Python - pandas 之常用代码块[转]

博主： AIHGF
发布时间：2022 年 04 月 19 日
2124 次浏览
暂无评论
9182字数
分类： Python

原文：40 Useful Pandas Snippets Pandas snippets that come in handy in data analysis work - 2022.04.20

1. 过滤列数据

Filter columns.

只需要数据集的几列，如：

pd.read_csv("data.csv", usecols=["date", "price"])

2. 读取时解析日期

Parse dates on read.

pd.read_csv("data.csv", parse_dates=["date"])

3. 指定数据类型

Specify Data Types.

读取数据时，设置数据类型分类，以节省内存.

pd.read_csv("data.csv", dtype={"house_type": "category"})

4. 设置索引

Set index.

设置索引，尤其对于时间序列比较有用.

pd.read_csv("data.csv", index_col="date")

5. 读取的行数

No. of rows to read.

只读取数据集中的部分数据.

#100 行数据
pd.read_csv("data.csv", nrows=100)

6. 跳过行

Skip rows.

跳过某些行的数据，

#跳过第1行和第5行
pd.read_csv("data.csv", skiprows=[1, 5])

#跳过前100行
pd.read_csv("data.csv", skiprows=100)

#跳过 90% 的行
pd.read_csv("data.csv", skiprows=lambda x: x > 0 and np.random.rand() > 0.1)

7. 指定 NA 值

Specify NA Values.

如果数据的值有NA，即，如是 ? 等，将其设置为读取，以便以后不用再转换.

pd.read_csv("data.csv", na_values=["?"])

8. 设定布尔值

Setting boolean values.

如果某一列数据的格式是 Yes 和 No的形式，

pd.read_csv("data.csv", true_values=["yes"], false_values=["no"])

9. 读取多个文件

Read from multiple files.

如果数据被存储在多个文件里，

import glob
import os

files = glob.glob("file_*.csv")

result = pd.concat([pd.read_csv(f) for f in files], ignore_index=True)

10. 复制粘贴数据到DataFrames

Copy and Paste into Data Frames.

从剪切板复制粘贴数据，

 df = pd.read_clipboard()

11. 从PDF读取表格数据

Read tables from PDF files.

# pip install tabula-py

from tabula import read_pdf
# Read pdf into list of DataFrame
df = read_pdf('test.pdf', pages='all')

12. 探索性数据分析

EDA，Exploratory Data Analysis，探索性数据分析

EDA cheat.

想要可视化数据，但不想写plot代码，可以采用 pandas-profiling，仅需要一行代码，

# pip install pandas-profiling

import pandas_profiling

df = pd.read_csv("data.csv")

profile = df.profile_report(title="Pandas Profiling Report")
profile.to_file(output_file="output.html")

13. 通过 dtype 过滤列

dtype，Data Types. （list of dtypes for pandas）.

Filter columns by dtype.

# selecting
df.select_dtypes(include="number")
df.select_dtypes(include=["category", "datetime"])

# exluding
df.select_dtypes(exclude="object")

14. Infer dtype

df.infer_objects().dtypes

15. Downcasting

pd.to_numeric(df.numeric_col, downcast="integer") # smallest signed int dtype
pd.to_numeric(df.numeric_col, downcast="float")  # smallest float dtype

16. 手工转换

Manual conversion.

如果数据中有 NaN 值，error="coerce" 能够避免报错.

同时，可以采用 .fillna 将 NA 值填充为合理的值.

# apply to whole data frame
df = df.apply(pd.to_numeric, errors="coerce")
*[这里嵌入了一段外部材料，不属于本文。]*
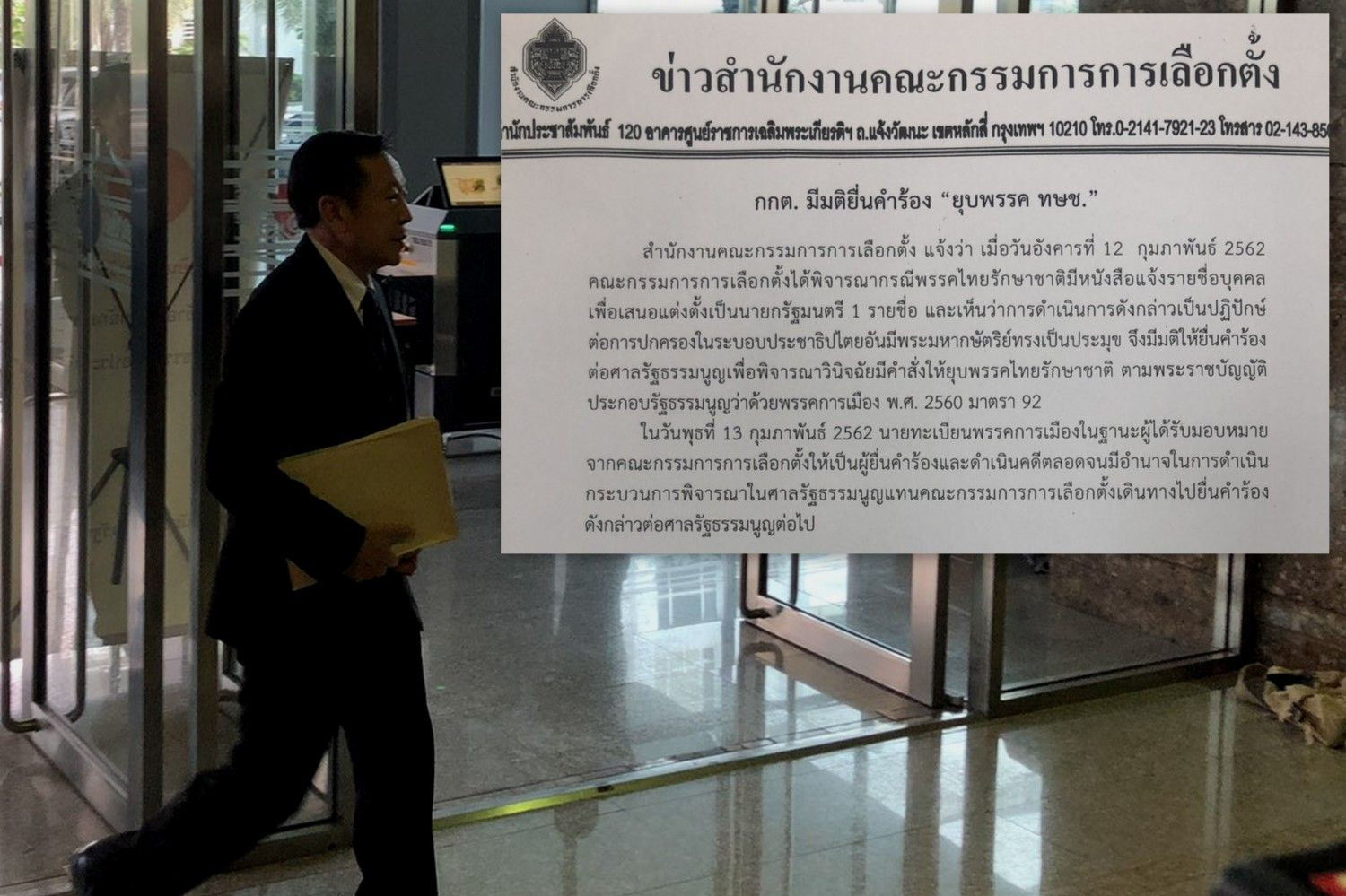เลขาฯกกต.เดินทางเข้ายื่นคำร้องต่อศาลรัฐธรรมนูญให้วินิจฉัยยุบพรรคไทยรักษาชาติ เหตุเสนอชื่อแคนดิเดตนายกฯเป็นปฏิปักษ์ต่อการปกครอง

# apply to specific columns
pd.to_numeric(df.numeric_column, errors="coerce")

# filling NA values with zero
pd.to_numeric(df.numeric_column, errors="coerce").fillna(0)

17. 一次转换全部

Convert all at once.

df = df.astype(
    {
        "date": "datetime64[ns]",
        "price": "int",
        "is_weekend": "bool",
        "status": "category",
    }
)

18. 列重命名

Renaming columns.

df = df.rename({"PRICE": "price", "Date (mm/dd/yyyy)": "date"}, axis=1)

19. 增加前缀和后缀

Add suffix and prefix.

df.add_prefix("pre_")
df.add_suffix("_suf")

20. 创建新列

Create new columns.

# create new column of Fahrenheit values from Celcius
df.assign(temp_f=lambda x: x.temp_c * 9 / 5 + 32)

21. 指定位置插入列

Insert columns at specific positions.

random_col = np.random.randint(10, size=len(df))
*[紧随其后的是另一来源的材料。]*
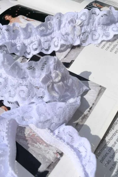 Hermosa y elegante liga de encaje, con lindo detalle en forma de lazo. Ideal para utilizarlo como accesorio para ese día tan especial. Su resistente elástico hará que se adapte de la forma más sexy a tus piernas. La liga DANNA es la perfecta para tu noche de bodas o fiesta de matrimonio.

df.insert(3, 'random_col', random_col) # inserts at third column

22. if-then-else

df["logic"] = np.where(df["price"] > 5, "high", "low")

23. Dropping columns

df.drop('col1', axis=1, inplace=True)
df = df.drop(['col1','col2'], axis=1)
s = df.pop('col')
del df['col']
df.drop(df.columns[0], inplace=True)

24. 字符串列名操作

Columns names

# on column names
df.columns = df.columns.str.lower()
df.columns = df.columns.str.replace(' ', '_')

25. 字符串Contains

df['name'].str.contains("John")

df['phone_num'].str.contains('...-...-....', regex=True)  # regex

df['email'].str.contains('gmail')

26. 字符串findall

pattern = '([A-Z0-9._%+-]+)@([A-Z0-9.-]+)\\.([A-Z]{2,4})'

df['email'].str.findall(pattern, flags=re.IGNORECASE)

27. 缺失值检查

Missing values Checking

def missing_vals(df):
    """prints out columns with perc of missing values"""
    missing = [
        (df.columns[idx], perc)
        for idx, perc in enumerate(df.isna().mean() * 100)
        if perc > 0
    ]

    if len(missing) == 0:
        return "no missing values"
        

    # sort desc by perc
    missing.sort(key=lambda x: x[1], reverse=True)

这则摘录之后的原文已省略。